Darren: Should I whisper the Hail Mary in your ear? Would that be arousing?

JoAnne: Stop.

Darren: We are not breaking up. I forbid it. I am going to force you to realize that I am the best thing that ever happened to you. Better than Jesus.

JoAnne: But can you walk on water?

Darren: And I am going to make you stop talking now.

JoAnne: What miracle will that take?

Darren: (pulling her shirt out of her skirt) Hail Mary, full of grace—

JoAnne: Don’t be sacrilegious.

Darren: But you don’t believe in any of that, right? So it shouldn’t matter.

JoAnne: I know, but still—

Darren: The Lord is with me.

JoAnne: I don’t like you anymore.

Darren: Yes, you do. You like me against your will. You don’t want to like me because I’m nice to you and you don’t think I should be, so too bad. Deal with it.

JoAnne: I love being psychoanalyzed before sex.

Darren: (undoes a button of her blouse with each sentence) This is not sex. This is not making love. This is not fucking. This is praying.
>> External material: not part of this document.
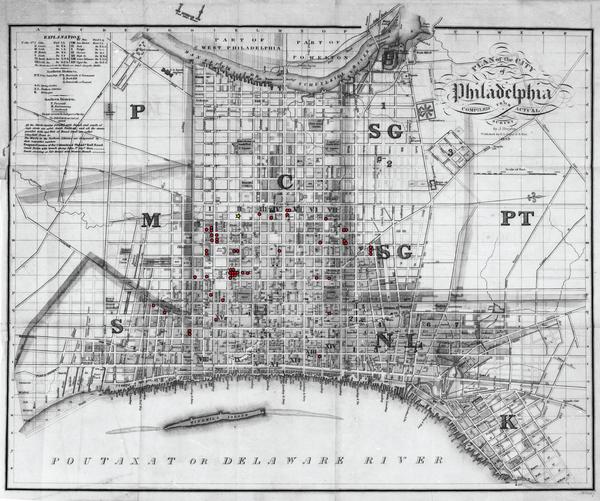 Map derived from locations within "A Guide to the stranger, or Pocket companion for the fancy, : containing a list of the gay houses and ladies of pleasure in the city of brotherly love and sisterly affection."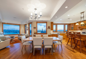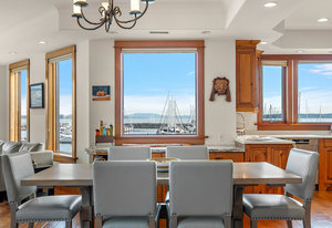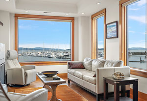 Exceptional Waterfront Living in the Heart of Sidney! This custom-built, one-owner waterfront half duplex offers over 2,800 sq. ft. of luxurious living, designed and constructed in 2007 to above-average standards and commercial-grade specifications. Designed for the owner to age in place, this remarkable home includes an elevator providing easy access between both levels, making it ideal for those seeking convenience, accessibility, and long-term comfort. Every detail of this home exudes quality. Step inside and be captivated by breathtaking views of the marina, Mt. Baker, and the ever-changing marine activity from nearly every room. The chef’s kitchen is a culinary masterpiece, featuring custom-built cabinetry, a Wolf dual-fuel range, wine fridge, and a Tuscan-inspired design that blends warmth and sophistication.

JoAnne: I don’t pray anymore.

Darren: You pray today. And you kiss on the mouth. (He kisses her.) And you stop thinking and evaluating and you listen to me now and you do what I say.

JoAnne: I do?

Darren: Yes, you do. Blessed art thou among women. And blessed is the fruit of thy womb. (Kisses her stomach.)

JoAnne: Jesus.

Darren: A-men.


Lisa Marie said…
How about just "dis-dis"?

If you take all of the words that begin with dis - disappoint, dissatisfied, disconsolate, disturbed, disgruntled, etc. - it seems that you can just put another "dis" infront to create a double negative. The term "dis-dis" could refer to all of these double negative emotional situations.
Aimee said…
Did you like how I cleverly changed the name of the effect to be less obvious??
Lisa Marie said…
Yes, very very clever.
I am still giggleing to myself about it.
Liz said…
I know someone who is the king of the Richard Effect. I should invite him out sometime and you can meet him.